This blog was written by Stephanie Flude of the University of Edinburgh and also appears on her personal blog.
In January 2016, Stuart Gilfillan and I made the long drive from Edinburgh to Beighton, Sheffield to collect some gas samples from UKCCSRC’s Pilot-Scale Advanced CO2-Capture Technology (PACT) facility. The PACT facility hosts a state of the art, pilot-scale CO2 amine-capture plant that can capture CO2 in flue gases from either a 250kW air/oxyfuel combustion plant (that can burn coal, biomass or gas) or one of the two 330kW gas turbines also hosted at the facility.
As we are Earth Scientists, rather than Engineers, we are researching reliable means to trace the fate of CO2 once it has been injected below ground for geological storage. As part of that research we are investigating how the captured CO2 itself can be used as a geochemical tracer. This means I have spent much of the last couple of years tracking down sources of man-made CO2 to sample, and swapping my usual field gear – walking boots, waterproof coat and rock hammer – for steel toe capped shoes, hi-vis jackets, torque wrenches and high pressure hosing. We wanted to collect as many different types of CO2 as possible – from different capture techniques and from different feedstocks, and so collecting samples from PACT was an obvious option.

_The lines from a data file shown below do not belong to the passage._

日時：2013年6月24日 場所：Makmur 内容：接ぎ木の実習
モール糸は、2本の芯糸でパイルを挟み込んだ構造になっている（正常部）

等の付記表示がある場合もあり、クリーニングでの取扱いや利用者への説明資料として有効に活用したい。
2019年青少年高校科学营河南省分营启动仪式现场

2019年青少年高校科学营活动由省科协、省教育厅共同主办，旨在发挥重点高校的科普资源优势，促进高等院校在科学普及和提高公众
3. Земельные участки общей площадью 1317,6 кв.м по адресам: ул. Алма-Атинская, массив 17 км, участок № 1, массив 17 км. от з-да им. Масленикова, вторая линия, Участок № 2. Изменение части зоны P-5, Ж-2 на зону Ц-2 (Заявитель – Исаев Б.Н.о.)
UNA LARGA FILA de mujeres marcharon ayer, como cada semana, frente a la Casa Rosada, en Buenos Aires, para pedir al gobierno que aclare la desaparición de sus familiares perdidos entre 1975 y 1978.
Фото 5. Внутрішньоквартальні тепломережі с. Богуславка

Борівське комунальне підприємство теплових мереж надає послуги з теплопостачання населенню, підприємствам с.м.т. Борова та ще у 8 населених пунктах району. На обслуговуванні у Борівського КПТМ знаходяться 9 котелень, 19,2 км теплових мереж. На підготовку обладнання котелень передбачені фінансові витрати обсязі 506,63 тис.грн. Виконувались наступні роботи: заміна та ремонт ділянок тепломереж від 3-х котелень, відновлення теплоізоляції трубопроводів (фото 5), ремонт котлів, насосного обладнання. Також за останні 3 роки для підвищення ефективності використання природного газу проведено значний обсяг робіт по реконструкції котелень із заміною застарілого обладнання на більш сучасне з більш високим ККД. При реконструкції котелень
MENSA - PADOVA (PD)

We had arranged to visit while both biomass and natural gas were being air-combusted in the 250 kW plant, allowing us to collect samples derived from two different fuel stocks. We were also hoping to collect gas samples from different parts of the carbon capture system, so we could better understand, and ultimately predict, what controls the inherent fingerprint of captured CO2. For this, we wanted to collect samples of the fuel, the combustion flue gas, the residual gas from the amine absorber column, and the final captured CO2:
The staff at PACT were very keen to help us collect this range of samples, but early discussions raised some problems with how to collect the samples. The PACT facility had been designed incredibly efficiently, with multiple gas analysis instruments housed on site that directly tap and analyse the gas of interest. Unfortunately for us, this efficient design meant that very few external sampling ports were installed on the system – why add sample ports when you can simply flow the gas you want straight to your analyser? After discussions with Kris Milkowski and Martin Murphy, we settled on the idea of collecting samples from the exhaust vent of PACT’s FTIR system, with some supplementary samples collected straight from an external tap on a combustion flue gas pipe.

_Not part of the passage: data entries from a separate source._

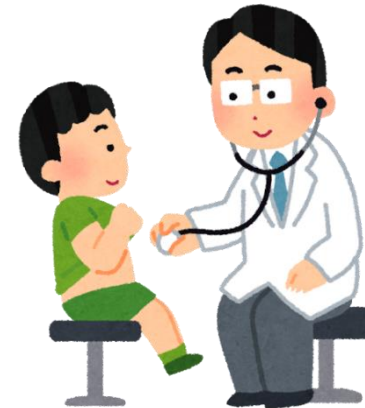
子どもの健康を守る 「就学时健診」
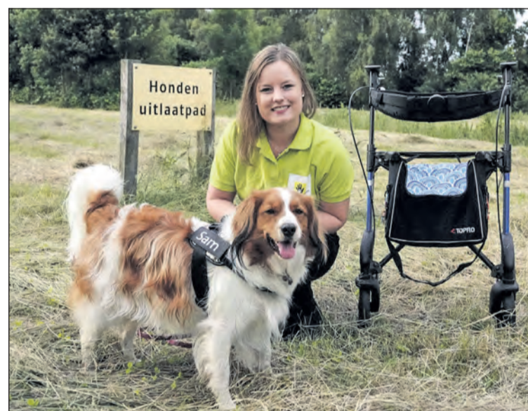
Binnenkort ook dierenbuddy's in De Bilt.

woensdag 16 maart en loopt tot zondag 27 maart. Wanneer er geen leerlingen aan de deur komen, zijn de violen bestellen via de mail: info@patioschool.nl .
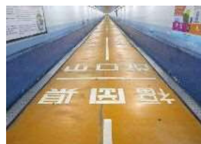
関門トンネル人道
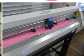
カッティングマシン
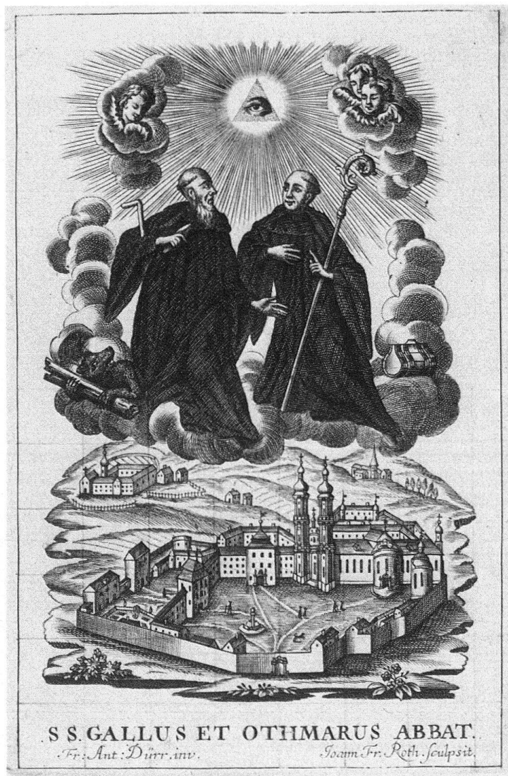
Abb. 3. Die heiligen Gallus und Otmar als Patrone des Klosters St. Gallen. Kupferstich von Roth und Dirr in Veränderung der gleichartigen Darstellung auf dem Handwerkerbrief (vgl. Abb. 2)

was am 11. August 1764 den Unwillen des Rates der Stadtrepublik St. Gallen erregt hatte 12 .
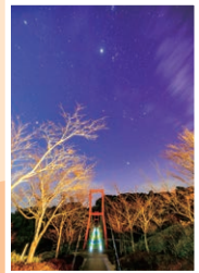
『冬の星空に魅了されて』
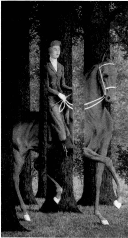
René Magritte: Le Blanc-Seing, 1965.
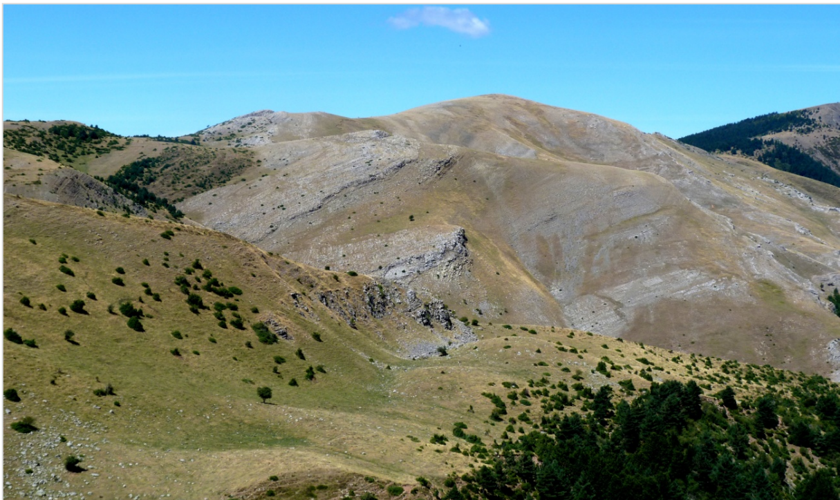
Fig. 8. Las formas redondeadas y con escasa karstificación superficial que se aprecian en la mole carbonatada de la vertiente riojana del cordal de Cantincao y Arobe son un ejemplo de las pocas posibilidades que esta franja de montañas calizas, que cruza toda la umbria de Urbión desde Neila hasta Cameros, ofrece a la supervivencia de poblaciones de Dryopteris mindshelkensis . Es por eso que resulta altamente significativa su presencia aquí, en un contexto geográfico tan alejado de la Cordillera Cantabro-Pirenaica y tan enormemente distante de las poblaciones del sur peninsular. Mucho más asombrosa, si se considera la insistente presión ganadera a la que se les ha sometido durante siglos a estos “cabezos” y los vaivenes climáticos y procesos de largas sequías que soportaron. Solamente si se tiene muy en cuenta la extraordinaria especialización que caracteriza y explica el éxito de la especie en el conjunto de su área euroasiática, y su longevidad individual—superior a la influencia de varias generaciones de pastores— permitiría aproximarse, con la humildad que conviene al sabio, a una mínima y honesta interacción en favor de su supervivencia.

Once on site, we spent a few minutes working out the best way to connect our sampling equipment (copper tubes, clamps, and gas-sample bags) to the available ports and how to ensure a strong enough flow of gas to sample. We collected from the flue pipe first and then moved across to the FTIR hut. Sampling here was a little more hectic as we had a 4 minute window to collect the sample while the FTIR was purging the gas of interest. We need to be very careful to avoid air contamination in our samples, and standard procedure for this is to purge our equipment with the gas we are collecting for at least two minutes, leaving just two minutes to collect the sample and hook up the sampling assembly for the next sample.

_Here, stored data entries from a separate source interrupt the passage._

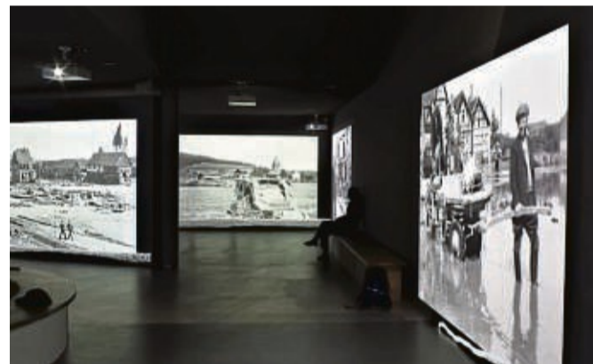
Die Tage nach der Flut: die Sperrmauerbombardierung 1943 ist eines von acht Themenfeldern der Multivisionsschau.
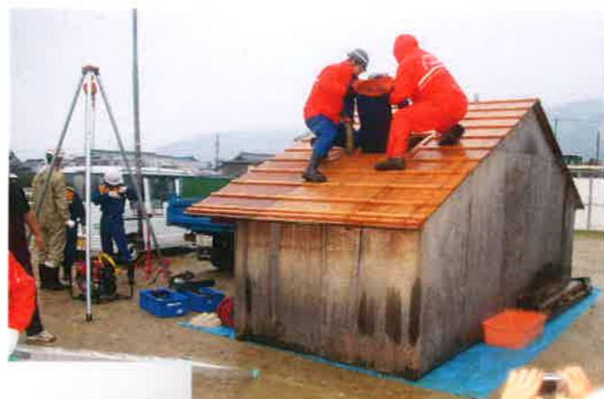
平成27年度 町防災訓練(栗原地区)

町では、ジャッキやバル、のこぎりなど、救出・救助用の資機材を各地区1ヶ所、計7ヶ所の防災倉庫で備蓄しています。各自治会単位などでの防災資機材の整備については、補助金を交付し、活動を支援しています。また、災害時に物資の提供などをさせていただく災害時の応援協定を企業などと締結しています。その他、災害時の情報伝達については防災行政無線・登録制のメール・電話応答のサービス・広報車など伝達手段を確保し、災害に強いまちづくりを進めています。
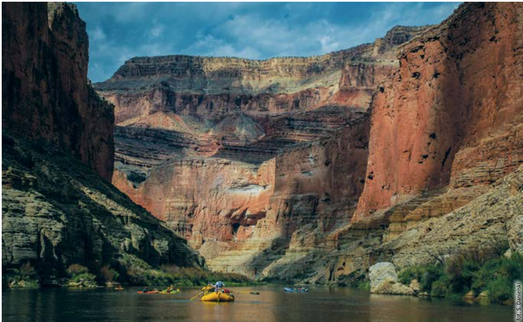
fol. S. Danielski
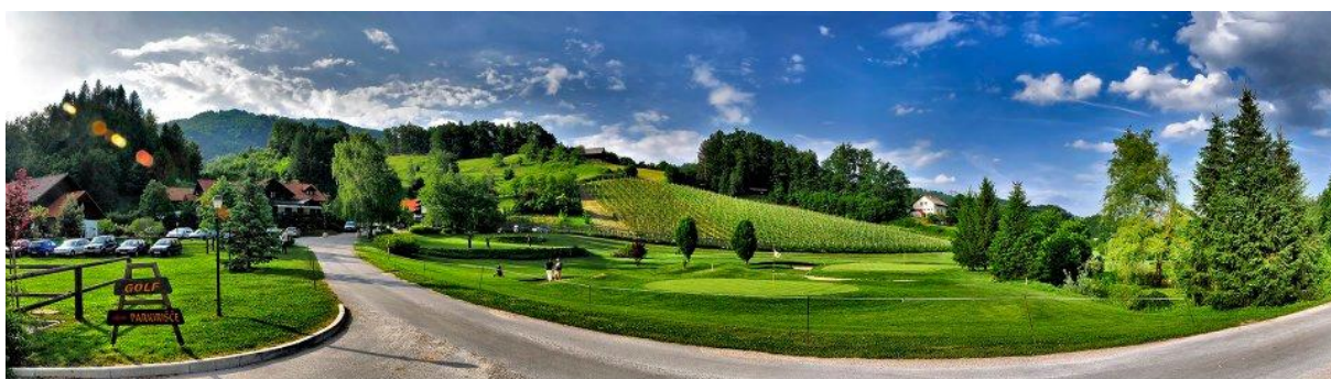
Slika 16. Golf igrišče "A" Olimje (»Amon Olimje«, 2016).

Maja 2001 so uradno odprli igrišče za golf z devetimi igralnimi polji, ki je bilo zgrajeno že v prejšnjem letu, ampak so zaradi suše, ki je kljub računalniško vodenemu namakalnemu sistemu uničila zelenice, morali odprtje preložiti. Pobudniki izgradnje igrišča so bili v letu 1999 navdušenci za golf iz domačiji Amon, ki so s svojimi načrti prepričali tudi občino, katera je nudila pomoč pri reševanju lastniških vprašanj ter pri postopkih pridobivanja prostorske dokumentacije (Grušovnik, 2001).
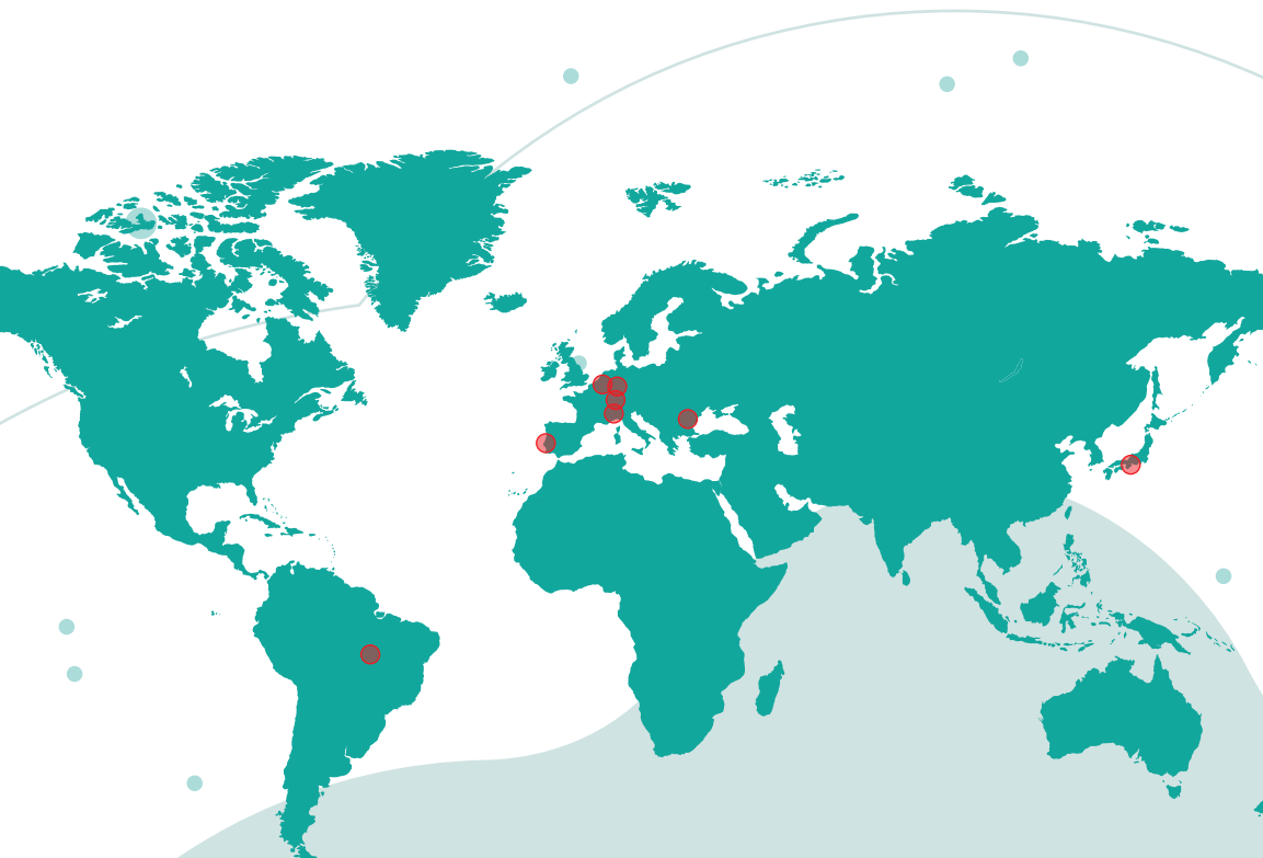
Figura 2 – Distribuição geográfica de alunos-atletas deslocalizados do Programa UAARE no ano letivo 2021/2022

A nível internacional, os alunos-atletas deslocalizados estão distribuídos por vários países na Europa, América do Sul e Ásia.

By the end of the visit, we had managed to collect combustion flue gas, absorber outlet, and captured CO2 from both gas and biomass feedstocks. With the critical sampling tasks out of the way, we were treated to a tour of the combustion rig by János Szuhánszki.
So what happens next? We have spent the last year analysing the samples for their inherent geochemical and isotopic fingerprint. We have measured the carbon and oxygen isotope composition (δ13C and δ18O) of the captured CO2, and concentrations and isotope ratios of trace noble gases (helium, neon, argon, krypton and xenon) that are present in the captured CO2 stream. The results have just been submitted in a manuscript to the International Journal of Greenhouse Gas Control, so keep an eye open for that in the near future.